ABOUT THIS EXERCISE ::
Within the entries below, output exactly the lines between the line containing "1961年の初登場時、彼女を" and the line containing "NWT BB Dakota", inclusive, and omit any picture.

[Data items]
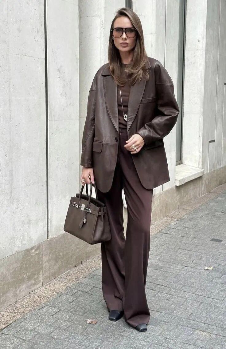 颜色推荐大地色系,好比黑色皮西装,搭配任何单品都显得沉稳可靠,又好比深棕或赤褐色,穿上身搭配大地色系单品更添层次感。
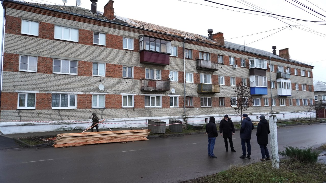 Здесь при поддержке Министерства ЖКХ Курской области идёт замена кровли. Это завершающий дом из перечня объектов, запланированных к ремонту в 2025 году, при этом восстановление повреждённых домов в городе продолжается.
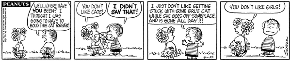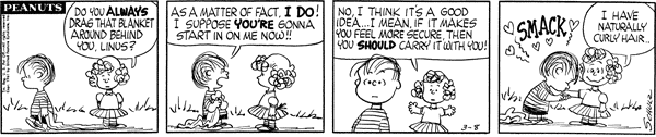 1961年の初登場時、彼女をみんなに紹介したのはライナスでした。彼女はすぐにその「おしゃべり」な性格を発揮し、またたく間に読者の心を(良くも悪くも)掴みました。彼女は1960年代を通じてコミックの主要メンバーとして活躍しましたが、70年代に入ると徐々に出番が減少。1985年以降はコミックの第一線から退くことになります。
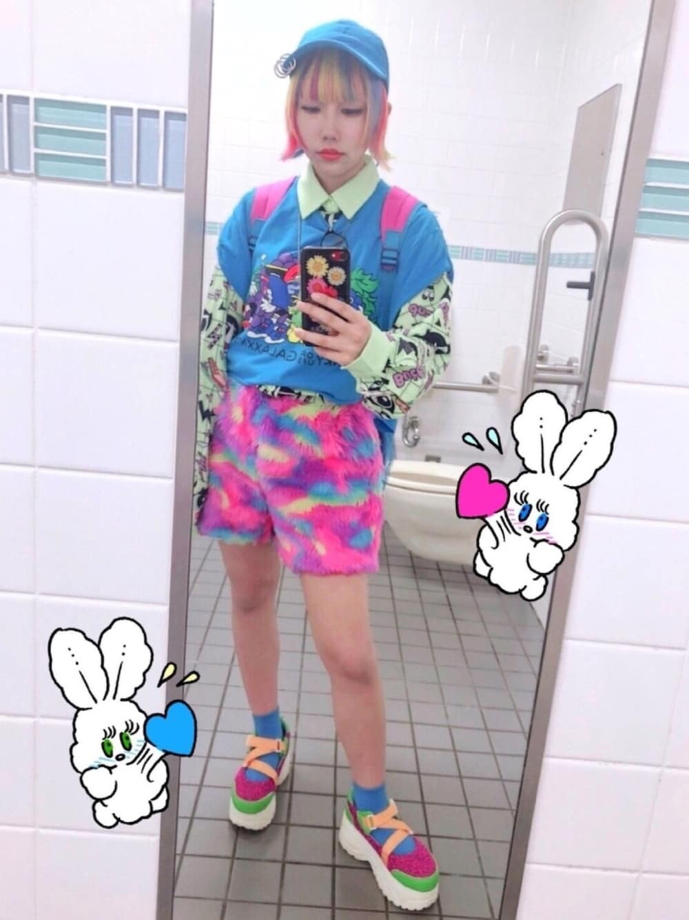 9月頃に着たコーデ💖🦎 テーマは「遠足」^ - ^ ブルーをベースにしたよ(๑╹ω╹๑ ) ファーのショートパンツ、時期的に早まったけどカワイイからいっか!✊😊
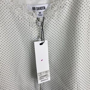 NWT BB Dakota White Lace with Black Dots Blouse- Size M
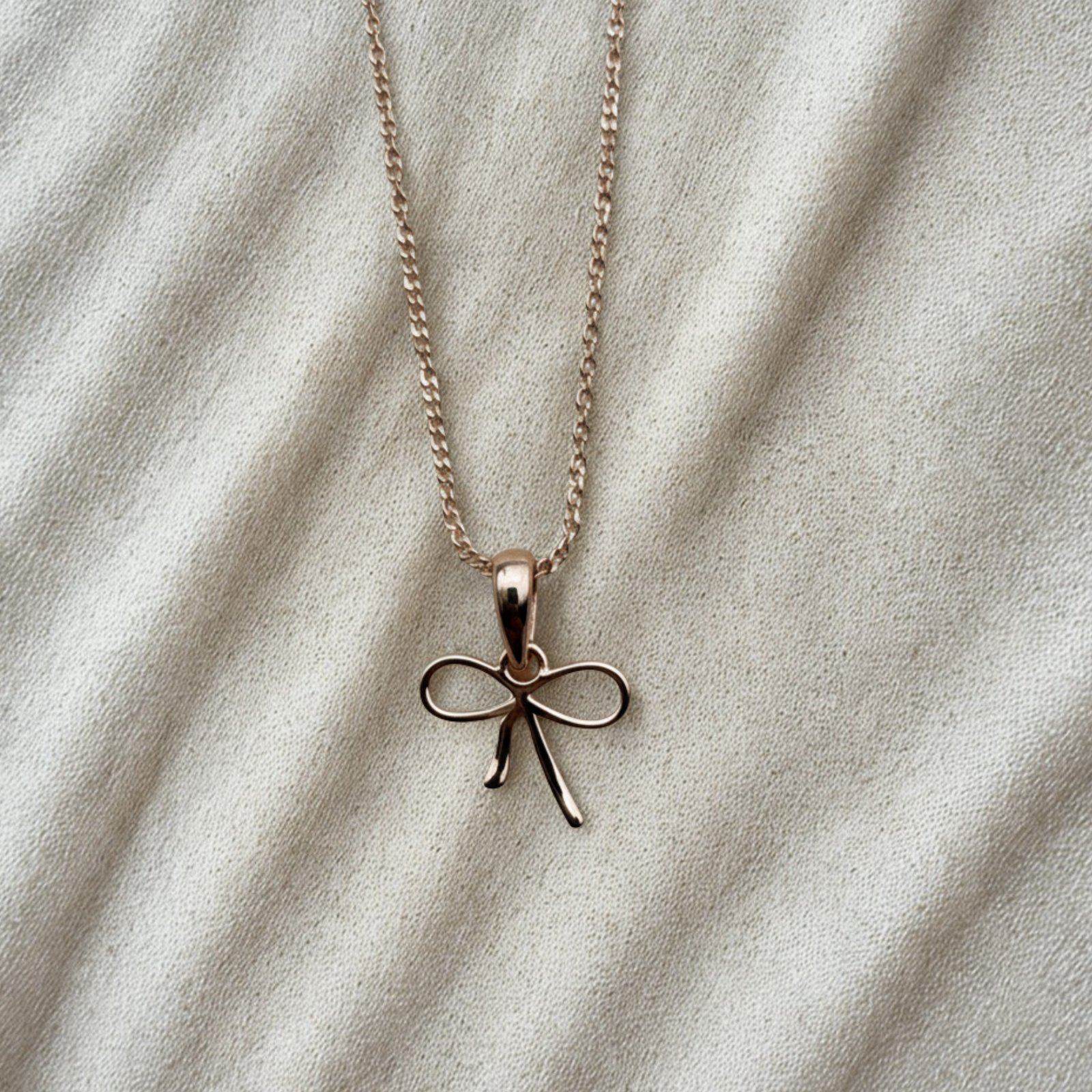 Add a touch of sweet, feminine charm to your collection with this dainty Rose Gold Bow Pendant.
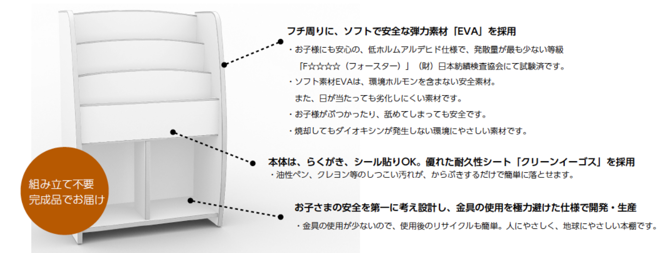 ・フチ周りにやわらかいスポンジ素材のEVAを使用し安全。汚れに強く、長くご使用いただけるつくりになっています。
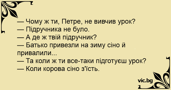— Чому ж ти, Петре, не вивчив урок?
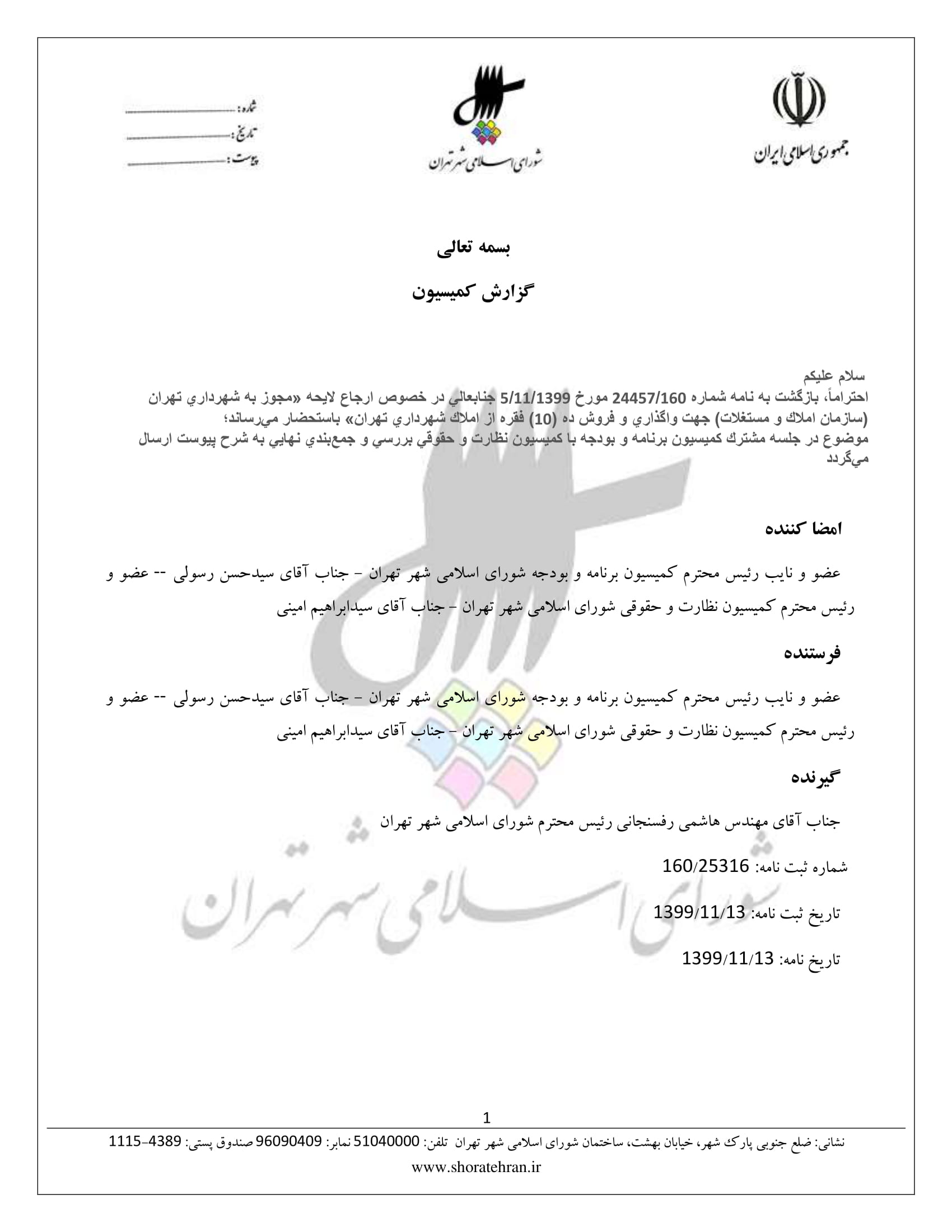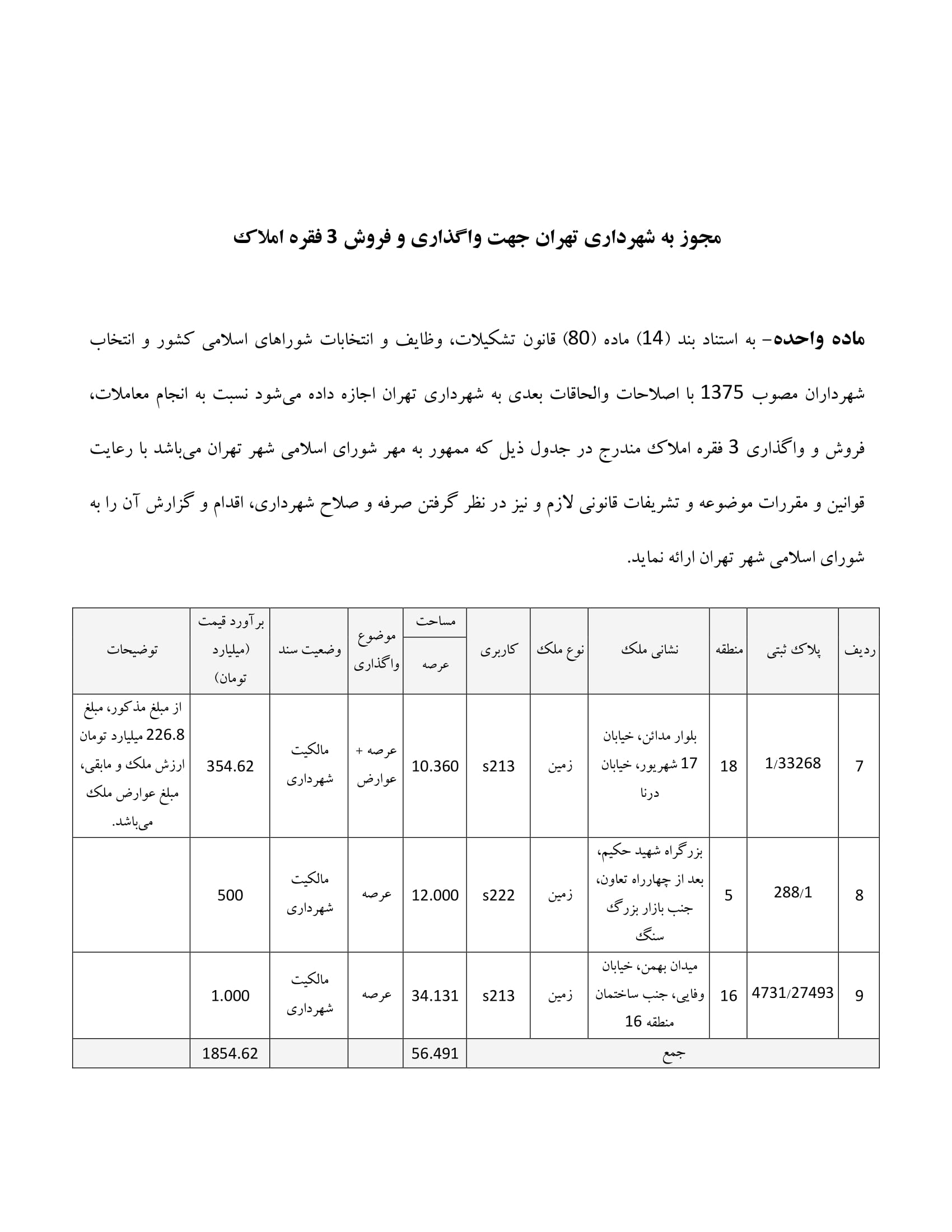 مجوز به شهرداري تهران جهت واگذاري و فروش 3 فقره املاك
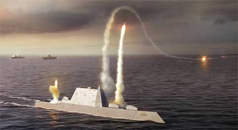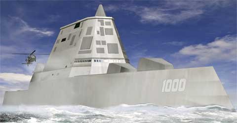 Tàu chiến DDG 1000 USS Zumwalt mới sẽ tập trung và tấn công trên bộ, dựa nhiều vào công nghệ tàng hình tiên tiến để tiến vào bờ trước khi tung ra kho vũ khí đồ sộ trên tàu.
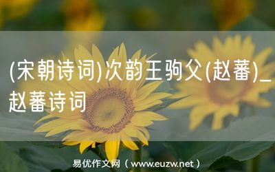 (宋朝詩詞)次韻王駒父(趙蕃)由易優(yōu)作文(易優(yōu)悅讀)為大家精心整理發(fā)布,學(xué)作文,學(xué)閱讀,提升語文閱讀寫作能力,就來易優(yōu)悅讀。作文培訓(xùn),閱讀培訓(xùn),易優(yōu)悅讀助力每個孩子成為語文學(xué)霸。
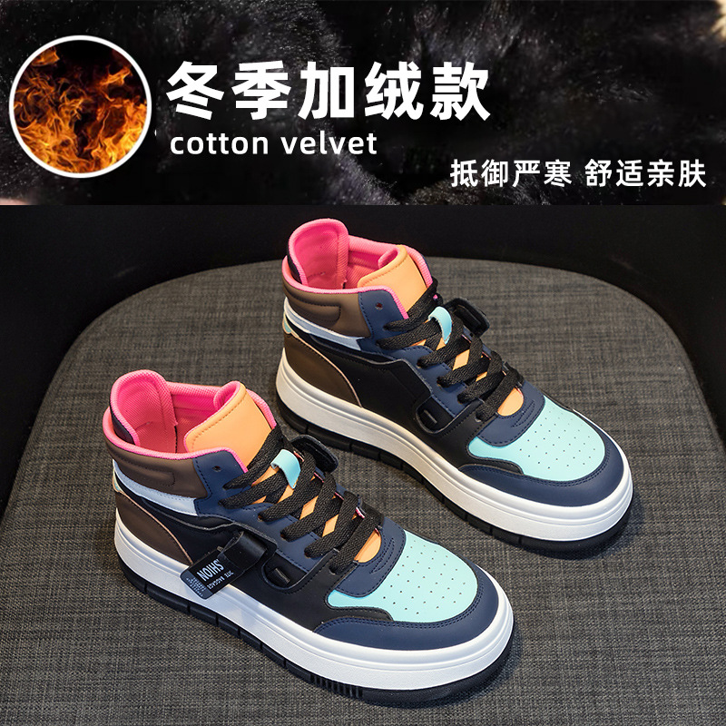 여성을 위한 한국판 인터넷 연예인 하이탑 슈즈 2025 신작 가을 겨울 다용도 캐주얼 스니커즈 플랫 화이트 슈즈 핫 스타일스토어 가기
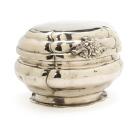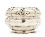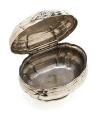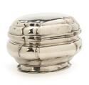 Tysk rokoko sukkerskrin af sølv, af oval bombé form, skævknækket med hængslet låg og fliget base. Mester Gottlieb Satzger, Augsburg 1771–1773. Vægt 296 g. H. 9 cm. L. 14 cm.
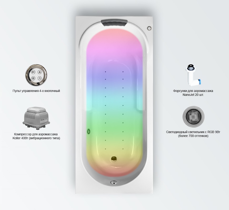 В комплекте: металлический каркас с монтажным набором 35500021, подголовник AH17, комплект для аэромассажа и хромотерапии на электроуправлении со стоп-функцией 19P3NA: электронный пульт, микропроцессор, таймер, нанофорсунки-20 шт., компрессор Koller 40 Вт., автоматическая сушка, датчик уровня воды для защиты от сухого пуска.Дополнительно комплектуется: утраплоский фронтальный экран 35500031, ультраплоский боковой экран 35500041, смеситель, сифон. Внимание! Комплектация гидромассажа на фотографии ванны представлена для ознакомления. Виды гидромассажных систем, количество форсунок и их расположение возможны в нескольких вариантах. Для уточнения деталей по итоговому комплекту гидромассажной ванны просьба обращаться за консультацией к нашим менеджерам. |
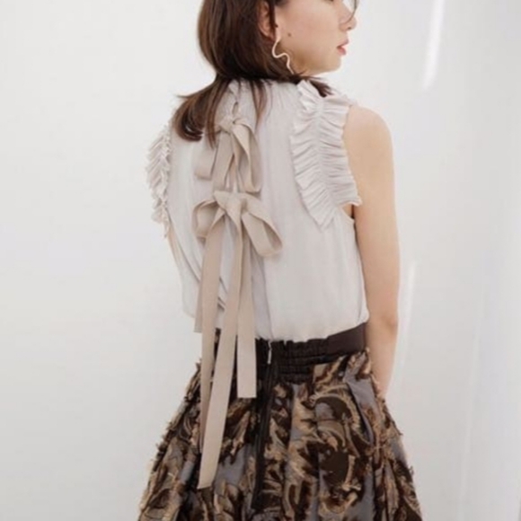 Fray I.D. Gathered Ruffle Back Ribbon Blouse
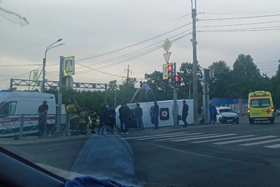 Машина скорой помощи оказалась на боку после столкновения с легковушкой на пересечении Софийской улицы и Дунайского проспекта. Инцидент произошел вечером 14 июня.
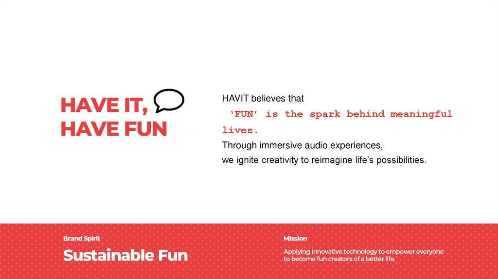 HAVIT believes that ‘FUN’ is the spark behind meaningful lives. Through
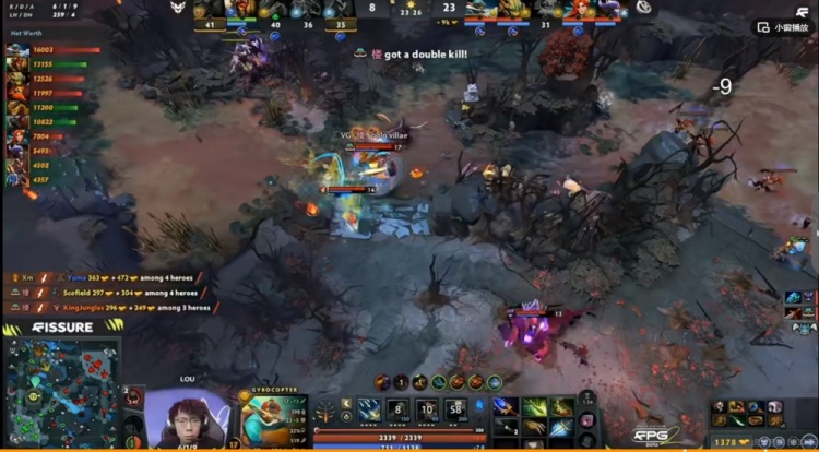 [9分钟]下路Heroic想借助沉默大动手,但是反手Ws马尔斯框大三个,Lou飞机再次赶到补充输出拿下双杀!这波VG又是0换3!打完之后领先3K了!
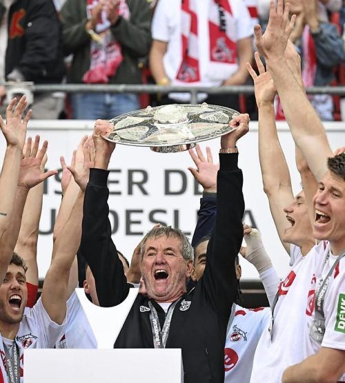 Typische Handbewegung: Friedhelm Funkel (71) stemmt die Zweitliga-Meisterschale hoch – als Nothelfer des 1. FC Köln ist er gerade zum siebten Mal in die Bundesliga aufgestiegen. © dpa
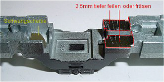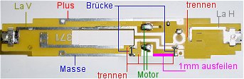 vorn ein 8 mm breites, 1mm tiefes Stück herausfeilt. Hier werden später die Litzen des Decoders DHL100 nach

REPLY TO THE EXERCISE ::
 1961年の初登場時、彼女をみんなに紹介したのはライナスでした。彼女はすぐにその「おしゃべり」な性格を発揮し、またたく間に読者の心を(良くも悪くも)掴みました。彼女は1960年代を通じてコミックの主要メンバーとして活躍しましたが、70年代に入ると徐々に出番が減少。1985年以降はコミックの第一線から退くことになります。
 9月頃に着たコーデ💖🦎 テーマは「遠足」^ - ^ ブルーをベースにしたよ(๑╹ω╹๑ ) ファーのショートパンツ、時期的に早まったけどカワイイからいっか!✊😊
 NWT BB Dakota White Lace with Black Dots Blouse- Size M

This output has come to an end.